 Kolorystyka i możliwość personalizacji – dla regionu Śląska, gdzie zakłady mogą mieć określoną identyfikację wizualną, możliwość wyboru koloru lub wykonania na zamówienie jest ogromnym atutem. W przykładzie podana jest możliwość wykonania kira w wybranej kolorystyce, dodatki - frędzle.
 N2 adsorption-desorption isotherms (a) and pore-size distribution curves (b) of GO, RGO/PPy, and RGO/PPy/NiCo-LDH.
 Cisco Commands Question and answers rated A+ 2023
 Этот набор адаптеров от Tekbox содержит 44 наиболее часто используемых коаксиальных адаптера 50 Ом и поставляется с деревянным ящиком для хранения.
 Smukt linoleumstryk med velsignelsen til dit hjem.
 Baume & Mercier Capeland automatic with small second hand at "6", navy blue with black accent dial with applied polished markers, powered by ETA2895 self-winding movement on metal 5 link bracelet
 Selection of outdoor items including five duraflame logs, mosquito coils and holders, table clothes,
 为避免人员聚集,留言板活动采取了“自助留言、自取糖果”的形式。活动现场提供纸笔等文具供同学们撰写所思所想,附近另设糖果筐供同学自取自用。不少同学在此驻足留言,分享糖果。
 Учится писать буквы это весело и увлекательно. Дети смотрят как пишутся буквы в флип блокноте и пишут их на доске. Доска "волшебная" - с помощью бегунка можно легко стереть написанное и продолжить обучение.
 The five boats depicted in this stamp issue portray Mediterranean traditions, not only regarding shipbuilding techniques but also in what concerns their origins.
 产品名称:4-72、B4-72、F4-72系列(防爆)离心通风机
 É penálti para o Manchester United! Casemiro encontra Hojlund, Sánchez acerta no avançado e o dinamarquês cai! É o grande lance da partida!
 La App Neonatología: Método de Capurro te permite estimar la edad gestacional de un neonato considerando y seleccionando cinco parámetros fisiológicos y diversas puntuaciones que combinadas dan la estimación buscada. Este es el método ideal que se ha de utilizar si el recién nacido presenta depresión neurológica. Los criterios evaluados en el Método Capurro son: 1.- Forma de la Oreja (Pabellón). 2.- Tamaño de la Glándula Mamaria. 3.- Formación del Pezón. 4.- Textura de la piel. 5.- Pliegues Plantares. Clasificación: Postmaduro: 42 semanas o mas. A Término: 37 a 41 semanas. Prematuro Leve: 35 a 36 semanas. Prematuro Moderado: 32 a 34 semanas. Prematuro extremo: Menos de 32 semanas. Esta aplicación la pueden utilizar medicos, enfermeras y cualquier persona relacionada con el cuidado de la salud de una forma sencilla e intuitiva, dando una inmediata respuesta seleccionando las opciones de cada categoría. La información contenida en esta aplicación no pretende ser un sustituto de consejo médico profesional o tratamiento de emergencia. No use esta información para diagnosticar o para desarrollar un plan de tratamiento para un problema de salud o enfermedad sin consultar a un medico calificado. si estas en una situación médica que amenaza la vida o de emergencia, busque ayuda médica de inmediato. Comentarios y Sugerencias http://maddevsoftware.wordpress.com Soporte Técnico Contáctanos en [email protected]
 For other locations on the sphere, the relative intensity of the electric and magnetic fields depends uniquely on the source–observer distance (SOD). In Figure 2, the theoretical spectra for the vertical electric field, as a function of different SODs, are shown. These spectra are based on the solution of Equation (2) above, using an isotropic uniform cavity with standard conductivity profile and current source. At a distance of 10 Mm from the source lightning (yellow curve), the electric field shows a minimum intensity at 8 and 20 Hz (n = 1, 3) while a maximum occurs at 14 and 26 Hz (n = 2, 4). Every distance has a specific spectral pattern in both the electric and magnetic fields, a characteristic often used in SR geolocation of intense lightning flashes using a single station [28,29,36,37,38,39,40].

===============

> ASSIGNMENT
Within the listing above, filter for lines holding the string "five" and copy each one.

> SOLUTION TO THIS EXERCISE
 Selection of outdoor items including five duraflame logs, mosquito coils and holders, table clothes,
 The five boats depicted in this stamp issue portray Mediterranean traditions, not only regarding shipbuilding techniques but also in what concerns their origins.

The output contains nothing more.